I wonder sometimes how differently my life would be today if I had had a smartphone in my pocket at age 13 and could talk to whoever I wanted anytime I wanted. I wonder how differently I would have turned out if my parents let me play games on their iPhone as a preschooler or if in high school I would have had the choice of 10,000 movies to watch anytime I wanted or I could have dialed in virtually any song ever recorded. Would I have the same tastes I do now? Would I have talked to my friends more or less? Would I have more friends or less really good ones? Would I have learned too much too soon? Would my friends and family have learned too much about me? How would have I have felt about them having a separate digital presence? Would had having so many avenues in which to express my opinion made me less shy? Would I have only ended up echoing someone else’s opinion because I was too distracted to develop my own?
I wonder how life would have been different if I had had a digital camera at my fingertips to document the world and share what I saw so easily with others. I wonder what life would have looked like to have had a blog or Web site at my disposal to spread my teenage-aged whims globally. Would I communicate or write differently today?
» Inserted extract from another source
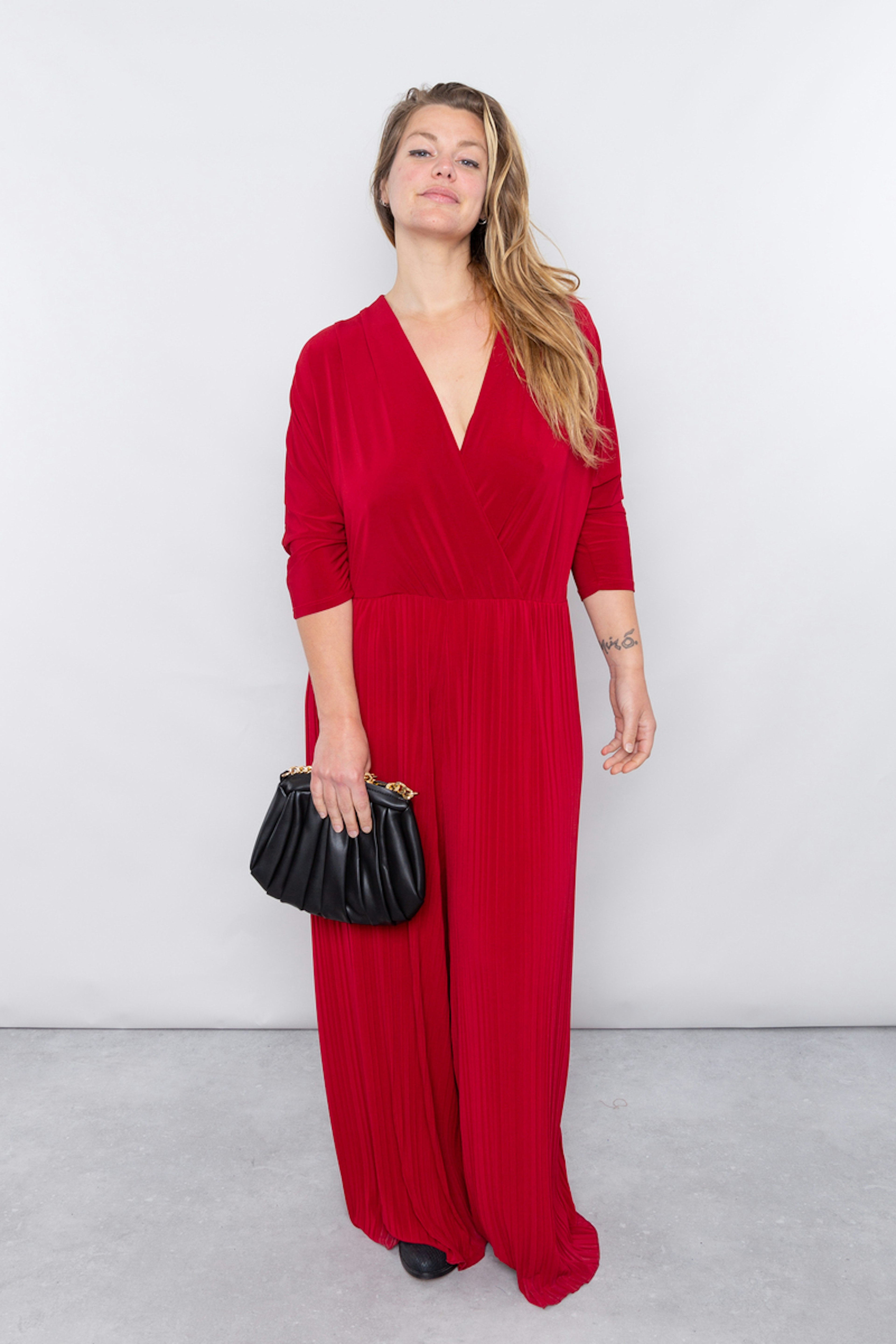 โข Combinaison ร manches longues โข Encolure forme cache coeur โข Resserrรฉe ร la taille par un รฉlastique โข Jambe large โข Longueur intรฉrieur jambe : 67 cm (pour un 44/46)

Would I have discovered my beliefs and fears and aspirations and strengths and weaknesses in the same way? I wonder what it would have been like playing games online with perfect strangers. I wonder if watching and reading about sports would have mattered as much or would I have spent more time exploring other interests that weren’t available to me back then? I wonder if I would have grown up too soon.
That last point is the one I spend a considerable amount of time contemplating where my kids and their friends and others in general are concerned. Did my kids grow up or are they growing up too quickly due to technology constantly inundating them with ideas, images, and more that were beyond my scope at a similar age? I’m not sure.
I’m not someone who bemoans all the ways technology is ruining society, cheapening culture, inflating egos, and destroying interpersonal communication. All of those things are probably true to some extent, but for every negative stemming from technology, I believe I can point out 10 positives technology enables. Beyond that, life simply changes. My time as a youth isn’t supposed to be the same as my kids’ time. Mine wasn’t the same as my parents’, and theirs’ not the same as their parents’. My kids know of no other life than one that puts technology right at the core. So, while I despised the influence that something like MySpace and its “look at me being so risqué” culture had on my older kids and accelerated the rate at which they grew up, I’m filled with gratitude for things like the vast amount of diverse and eclectic people my kids have encountered and interact with daily thanks to technology.